A generalized workflow of scientific process requires data to be obtained, reprocessed, integrated, optionally transformed, modelled and finally interpreted in order to understand the underlying process. This procedure is affected by both objective and subjective uncertainties. In parallel with the development of geostatistics, the role of uncertainty has been widely investigated in geosciences. This has led to the introduction of new concepts, taken for example from thermodynamics, such as entropy. Predicting the subsurface is an especially thankless effort, as data are driven from spatially highly limited direct sources. The following paper provides an review of various applications of the Shannon entropy theorem in geoscience.
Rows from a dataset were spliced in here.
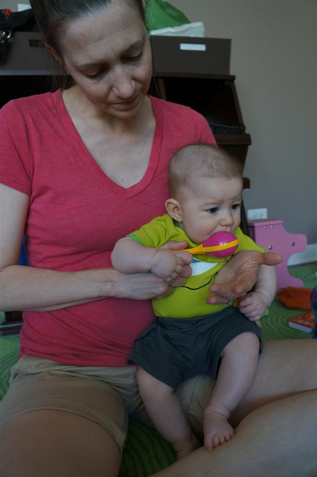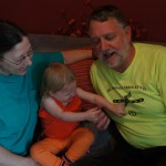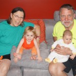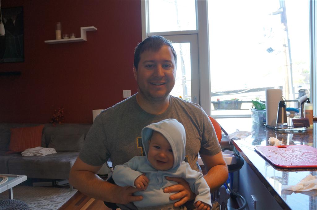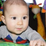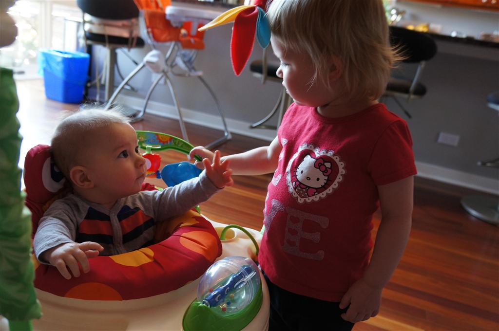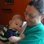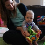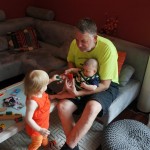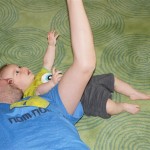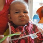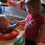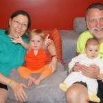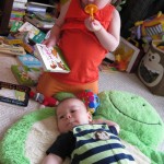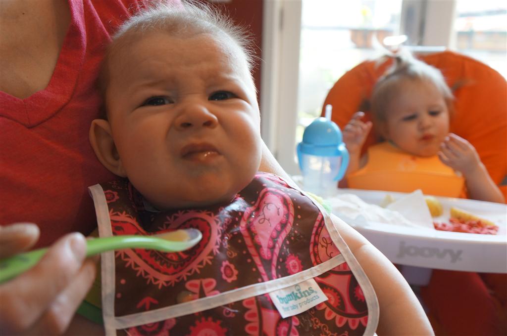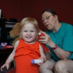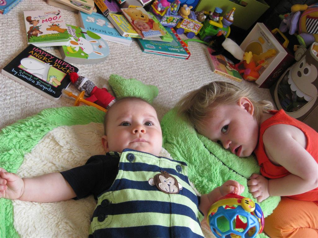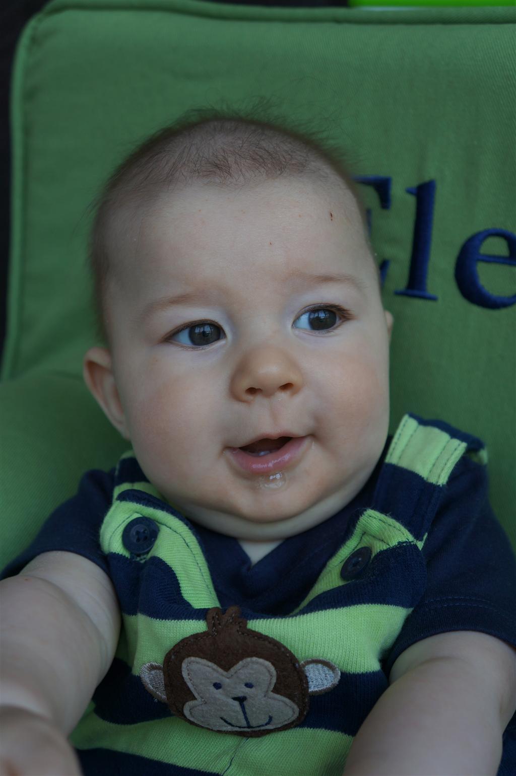 Henry had his first bites of food this week – pears. He wasn’t a big fan, but I’m sure that he will come around. The first bites were mostly met with confusion and funny face expressions. He did end up eating a little bit, but most of it came back out his mouth. Eleanor was eating lunch at the time, but that didn’t seem to instill a great appetite in Henry. This weekend he and Eleanor alternated their naps a bit, so Henry got some rare time with both Mom and Dad, which was fun. Henry is starting to put some weight on his legs, and sometimes can bear all of his weight for a few seconds.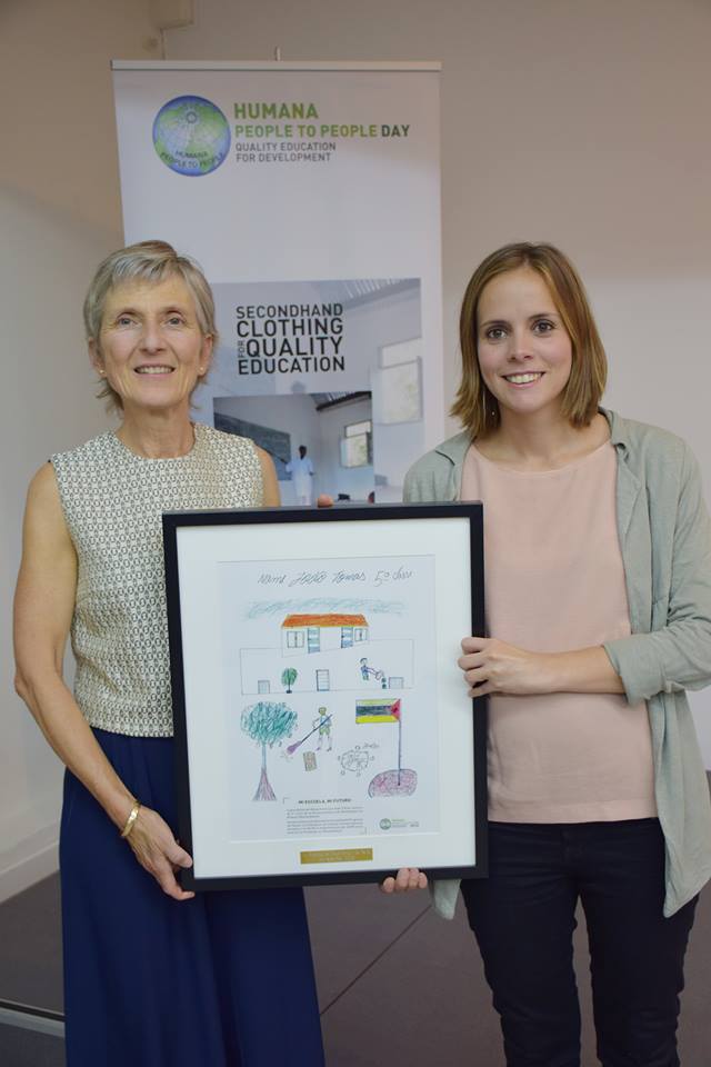 El premio es un dibujo hecho por un alumno de la Escuela Primaria de Motepuez (Bilibiza, Mozambique). Niños y niñas tenían que reflejar los elementos que consideran fundamentales para su educación, con especial atención a la figura del maestro. La escuela y los profesores forman parte del Programa de Apoyo a la Educación de Calidad cofinanciado por Humana y la Agencia Española de Cooperación Internacional para el Desarrollo (AECID), e implementado por ADPP, socio local de la Fundación en Mozambique.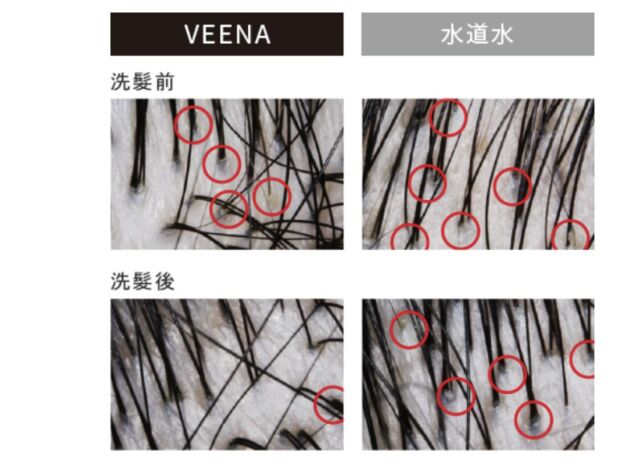 当店で採用したReda社のVEENAは、他社の業務用マイクロバブル発生装置と比較した場合、より微細でバブル発生量も多く髪や頭皮に新しい洗浄効果をもたらします。

Information entropy, initially proposed by Shannon (1948) provides an objective measure of overall system uncertainty. Significant concern has been focused on the application of Shannon entropy to provide an objective measure of joint system uncertainty and visualization of its spatial distribution. The area of extensively drilled Eocene amber-bearing deposits located in the Lubelskie voivodeship was selected as a case study to investigate the quality of prediction stochastic lithofacies models. The importance of adding secondary variables to a stochastic model is also reviewed here. Adding new data and rerunning the simulation allows assessment of its impact on the predictability of a stochastic model. The most important conclusion from the study is that the deposition of amber-bearing lithofacies occurred mostly in the northern part of the area investigated, as shown also by ongoing exploitation of the deposit.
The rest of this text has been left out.